Another important factor that affects carotenoid accumulation in petals is xanthophyll esterification. Most xanthophylls in petals are esterified with fatty acids via oxygenated residues5,14,15,16,17, and accumulate in chromoplasts, which differentiate from chloroplasts during floral development18,19. In carotenoid-rich petals, carotenoids in the chromoplast are found in carotenoid-lipoprotein sequestering substructures, which consist of carotenoids, polar lipids, and enzymatic and structural proteins. These substructures are classified into fibrillar, globular, and tubular types20,21. Deruère et al. reported that fibril assembly in vitro was more efficient with esterified xanthophylls than with free-form xanthophylls or carotenes22. They presumed that this sequestration mechanism enables the cells to accumulate massive amounts of carotenoids. Therefore, we consider that esterification may enhance xanthophyll accumulation and cause deeper yellow coloration in flowers. Ariizumi et al. identified a tomato (Solanum lycopersicum L.) mutant, pale yellow petal 1 (pyp1), which lacks esterified xanthophylls in flowers17. Complementation of the PYP1 gene into the pyp1 mutant recovered esterified xanthophylls to the level of wild-type (WT) plants, indicating that PYP1 functions as a xanthophyll esterase (XES). Furthermore, since the pyp1 mutant showed abnormal chromoplast development, they presumed that accumulation of esterified xanthophylls is important for normal chromoplast development. They proposed that PYP1 might be a key enzyme responsible for the high carotenoid accumulation in petals of various plants, including tomato.
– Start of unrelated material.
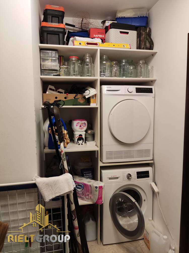 Прихожая очень просторная, квадратной формы. На лоджии убран оконный блок, что позволило организовать на ней дополнительное рабочее место. На лоджии установлены качественные окна фирмы Rehau. Также в квартире имеется гардеробная для рационального хранения вещей, в которой размещены стиральная и сушильные машинки.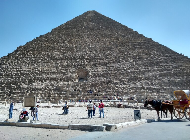 胡夫金字塔是可以进的,但只允许从大走廊进入到国王墓室为止。据进去过的人说,门票100埃磅,里面黑乎乎的除了四壁的石头啥也没有,还要爬一身的汗。我去的时候看见不少人在排队,但朋友告诉过我进去没什么意思,还怕招来厄运,还听说有细菌喝放射线,反正我不会进去。

Petunia (Petunia x hybrida) is an important ornamental plant and an excellent model plant for investigating floral pigmentation23. Although there are no deep-yellow-flowered petunia cultivars, there are pale-yellow-flowered cultivars that accumulate a small amount of carotenoids in their corollas24,25. To determine why petunias are unable to accumulate enough carotenoids to produce deep-yellow flowers, we previously compared carotenoid profiles and expression of carotenoid metabolic genes between pale-yellow-flowered petunia and deep-yellow-flowered calibrachoa (Calibrachoa x hybrida), a close relative of petunia26. We showed that the carotenoid contents and proportions of esterified xanthophylls in the corollas of petunia were significantly lower than in calibrachoa. In addition, we assumed petunia XES to have low substrate specificity for trans-xanthophylls, which are more abundant than cis-xanthophylls in corollas. These results suggest that a major reason for low carotenoid accumulation in petunia corollas is low esterification activity.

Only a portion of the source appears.